# Instructions to follow:
Write the listing below out again word for word, without a single picture.

# Input data:
^^^^^^^^^^^^^^^^
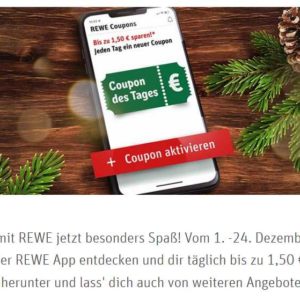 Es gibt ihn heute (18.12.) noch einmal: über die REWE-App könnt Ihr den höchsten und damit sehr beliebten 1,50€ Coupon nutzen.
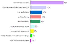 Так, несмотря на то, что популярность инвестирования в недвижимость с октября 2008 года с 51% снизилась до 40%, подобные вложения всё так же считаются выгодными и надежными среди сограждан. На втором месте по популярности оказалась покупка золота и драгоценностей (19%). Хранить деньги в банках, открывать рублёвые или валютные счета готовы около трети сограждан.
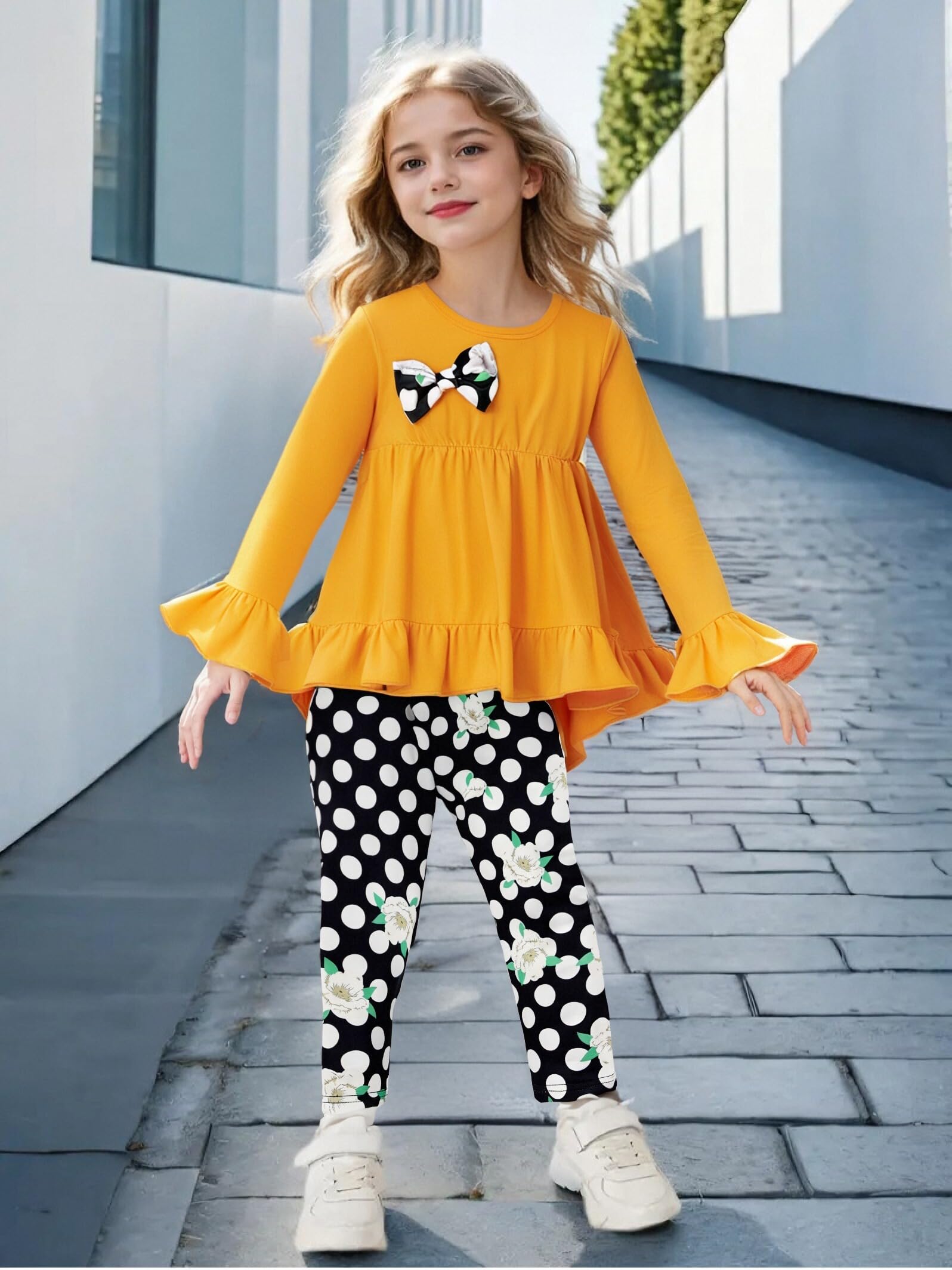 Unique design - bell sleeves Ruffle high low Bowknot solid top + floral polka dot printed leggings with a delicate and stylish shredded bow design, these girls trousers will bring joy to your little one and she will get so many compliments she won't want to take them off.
^^^^^^^^^^^^^^^^
# Answer section:
 Es gibt ihn heute (18.12.) noch einmal: über die REWE-App könnt Ihr den höchsten und damit sehr beliebten 1,50€ Coupon nutzen.
 Так, несмотря на то, что популярность инвестирования в недвижимость с октября 2008 года с 51% снизилась до 40%, подобные вложения всё так же считаются выгодными и надежными среди сограждан. На втором месте по популярности оказалась покупка золота и драгоценностей (19%). Хранить деньги в банках, открывать рублёвые или валютные счета готовы около трети сограждан.
 Unique design - bell sleeves Ruffle high low Bowknot solid top + floral polka dot printed leggings with a delicate and stylish shredded bow design, these girls trousers will bring joy to your little one and she will get so many compliments she won't want to take them off.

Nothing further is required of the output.